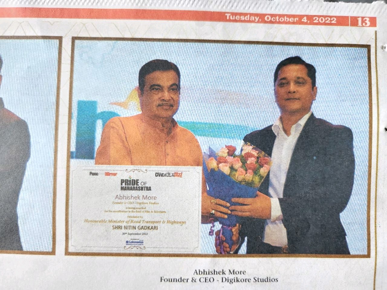 Pune, Maharashtra Oct 7, 2022 (Issuewire.com) - Digikore Digital CEO Abhishek More was honoured as Pride of Maharashtra by honourable Shri Nitin Gadkari (Honourable Minister of Road Transport & Highways, Govt. of India). The award ceremony was hosted on 30 September 2022 at JW Marriott, Pune. CEO Abhishek More feels grateful about receiving such a prestigious award from the Government of Maharashtra. The award ceremony was hosted to honour and reward the Businessman who makes a difference in society with their product/services.
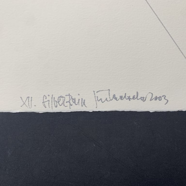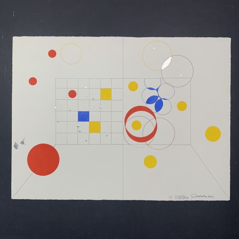 Jiri Ladocha's "Silver Rain XII" original mixed media on paper, circa 2003, signed, titled and dated lower right. Done in Ladocha's signature style of creating a grid-like background, with different shapes, splatters, and designs. This piece is in excellent condition.
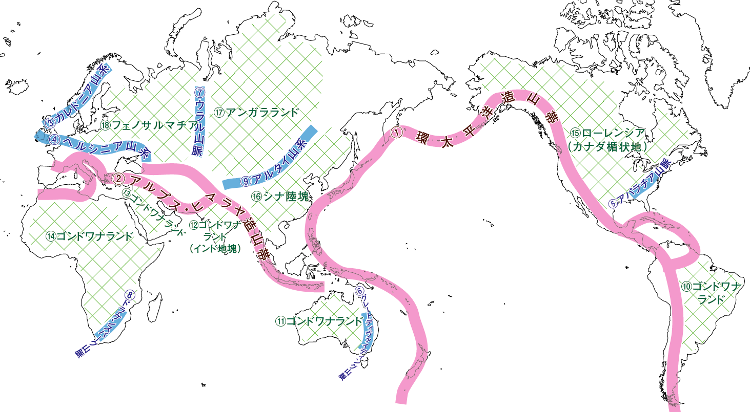 ③カレドニア山系 ④ヘルシニア山系 ⑤アパラチア山脈 ⑥グレートディヴァイディング山脈 ⑦ウラル山脈 ⑧ドラケンスバーク山脈 ⑨アルタイ山系 |
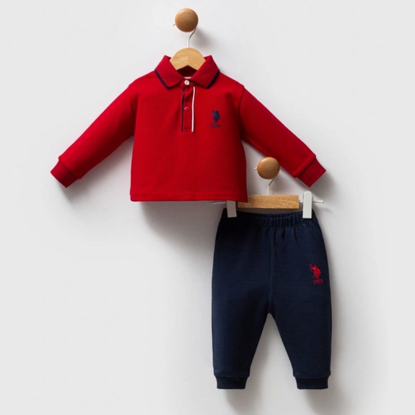 A timeless and elegant outfit designed for comfort and style. This two-piece set includes a red long-sleeve polo top featuring the classic USPA logo and contrast navy trim on the collar, paired with soft navy blue jogger pants with an elastic waistband for easy dressing. Made from high-quality cotton fabric to ensure a gentle touch on your baby’s skin and freedom of movement. Perfect for everyday wear, family outings, or casual gatherings with a refined sporty look.

* **Brief**
The required output is the lines from the one containing "in excellent condition." through the end of the data, printed exactly, with no pictures.

* **Problem solution**
 Jiri Ladocha's "Silver Rain XII" original mixed media on paper, circa 2003, signed, titled and dated lower right. Done in Ladocha's signature style of creating a grid-like background, with different shapes, splatters, and designs. This piece is in excellent condition.
 ③カレドニア山系 ④ヘルシニア山系 ⑤アパラチア山脈 ⑥グレートディヴァイディング山脈 ⑦ウラル山脈 ⑧ドラケンスバーク山脈 ⑨アルタイ山系 |
 A timeless and elegant outfit designed for comfort and style. This two-piece set includes a red long-sleeve polo top featuring the classic USPA logo and contrast navy trim on the collar, paired with soft navy blue jogger pants with an elastic waistband for easy dressing. Made from high-quality cotton fabric to ensure a gentle touch on your baby’s skin and freedom of movement. Perfect for everyday wear, family outings, or casual gatherings with a refined sporty look.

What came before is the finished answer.